Monday 9 September 2013

Dessert and Breakfast

In addition to all the savoury cooking I did yesterday I decided to make some dessert for after dinner. This recipe is from Well Fed and is quite simple (yet more dynamic and indulgent than just eating berries on their own). It came together pretty quickly but if you make it be sure to read the recipe through once or twice before starting - it takes a little bit of pre-planning (chilling the coconut milk). I wasn't sure how coconutty the cream would taste and it turned out with much more vanilla flavour than coconut which was nice. Even though the cream is unsweetened, the coconut provides enough natural sweetness of it's own that it's no big deal. The salted toasted coconut on top is the perfect compliment and I could eat that stuff by the handful. 


This morning I woke up with absolutely no appetite. The idea of eating eggs and bacon made me feel queasy so I decided to just make some coffee and wait for my stomach to catch up.
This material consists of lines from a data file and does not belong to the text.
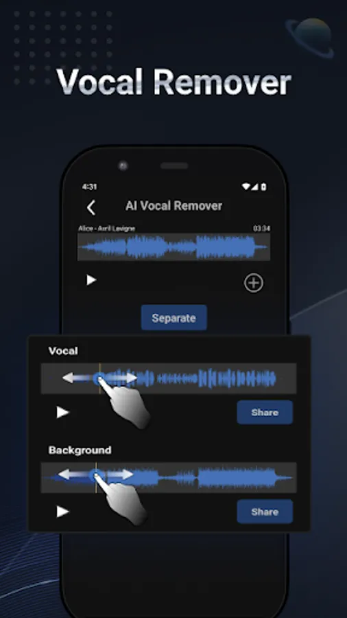 • AI powered vocal remover & vocal extractor: extract instruments and vocals from any audio file.
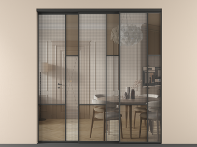 Во всех алюминиевых перегородках, независимо от типа установки, используется компланарный раздвижной механизм, благодаря которому декоративная крышка и полотно находятся в одной плоскости.
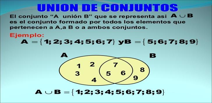 La unión de dos (o más) conjuntos es una operación que resulta en otro conjunto, cuyos elementos son los mismos de los conjuntos iniciales.

By 10:30 I still wasn't really feeling it but I decided to have a green smoothie just for the sake of getting something in. I made this one with a handful (about a cup) of kale, about half a cup of almond milk, two ice cubes, and a frozen banana. I also put in a spoonful of leftover vanilla coconut whipped cream from last night, and topped it with some of the toasted coconut and almonds, also from last night. This tasted great and was just what I needed - not quite a full meal, but something to tide me over until my appetite kicks in. 




Sunday 8 September 2013

Personal Record and Cook Day

This morning I participated in a 10k run/race. My only goal was to run it faster than my previous personal record of 59:08. There wasn't a clock posted at the finish (but it was chip-timed, so I'll get my official time soon) but I know I ran it a few minutes faster than the last time, so I was thrilled!
After getting home I was pretty hungry so I made three scrambled eggs and some uncured black forest bacon. I've never had it before, but the pieces were thick, the pork was chemical-free, and the pigs were well treated and hormone-free so I gave it a try. It hit the spot and was very filling as brunch. 


With the work week (and first day of school!) looming on the horizon I decided to pick some recipes and do some bulk cooking.
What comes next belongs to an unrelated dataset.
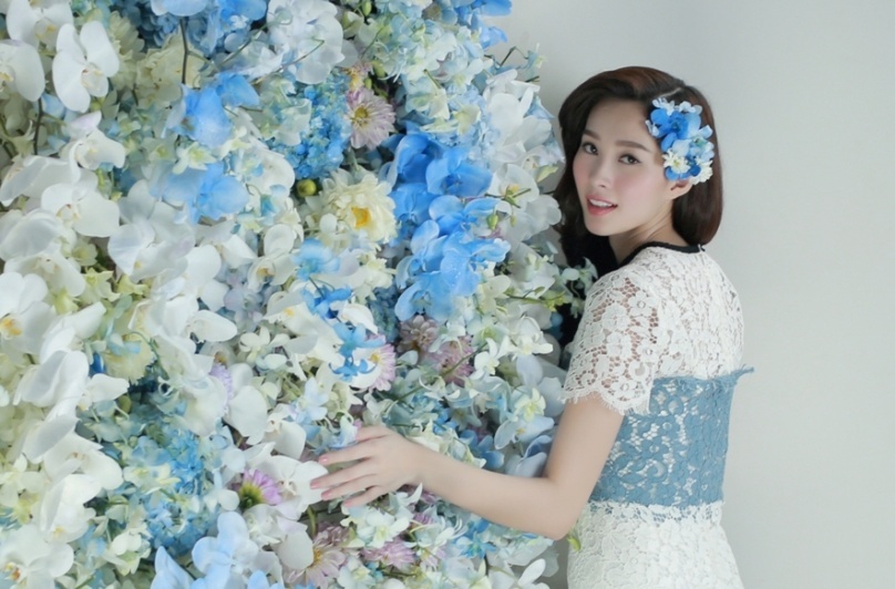 Trong bộ ảnh mới chụp cùng những đóa lan xanh, cô chiếm trọn cảm tình của fan bằng nét tươi tắn và sự nữ tính.

I made some "confetti" cauliflower rice. I pre-cooked some finely diced carrot with yellow pepper, garlic, and salt and pepper. I then added the cauliflower and let it warm up together.


I also did a big batch of roasted vegetables, inspired by a recipe for balsamic roasted veggies from Gather. I used an assortment of vegetables, including peppers, turnips, and mushrooms and I tossed the lot in a half cup each of oil and balsamic vinegar. They turned out delicious, though next time I'd probably reduce the amounts of oil and balsamic by around half.
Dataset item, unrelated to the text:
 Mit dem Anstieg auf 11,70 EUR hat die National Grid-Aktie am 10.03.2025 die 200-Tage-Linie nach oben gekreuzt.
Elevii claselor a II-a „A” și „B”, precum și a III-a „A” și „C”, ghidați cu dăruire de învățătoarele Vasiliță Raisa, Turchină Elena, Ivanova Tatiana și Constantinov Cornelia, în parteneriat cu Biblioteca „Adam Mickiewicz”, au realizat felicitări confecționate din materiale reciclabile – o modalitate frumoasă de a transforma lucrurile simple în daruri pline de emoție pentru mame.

This fried chicken recipe is from Paleo Comfort Foods. It's actually on the cover and I can tell why - it's quite enticing. I used two chicken breasts cut into strips rather than using legs, but otherwise I followed the recipe exactly (though I did cut it in half). The coating is quite tasty, yet not as crispy as I would have hoped. The chicken tasted great dipped in a bit of my homemade ranch and I'll certainly be making it again. Since my boyfriend is very new to paleo and eating meat, and is a bit of a picky eater, we've developed a "scale of 1 to 10" method of figuring out which meals I should make again and which ones should be skipped. The fried chicken would have been a ten if he could have had ketchup. As it was, it was about an eight. Not bad. 


Because they're so easy, cheap, and portable, I wanted to re-visit the unfortunately named "Spinach Meat Muffins" from Well Fed. To add to the flavour and make them a bit more palatable for my boyfriend (who's still a little iffy about eating meat) I added a bunch of vegetables not called for in the recipe: red and yellow pepper, kale, and celery. Hopefully these will go over a bit better, though he's still hesitant to eat them.


And after all that cooking, here's dinner. The roasted vegetables were great with the chicken and I had a simple salad of romaine and kale tossed with red onions and ranch. 

Now I'm just waiting for Breaking Bad to start.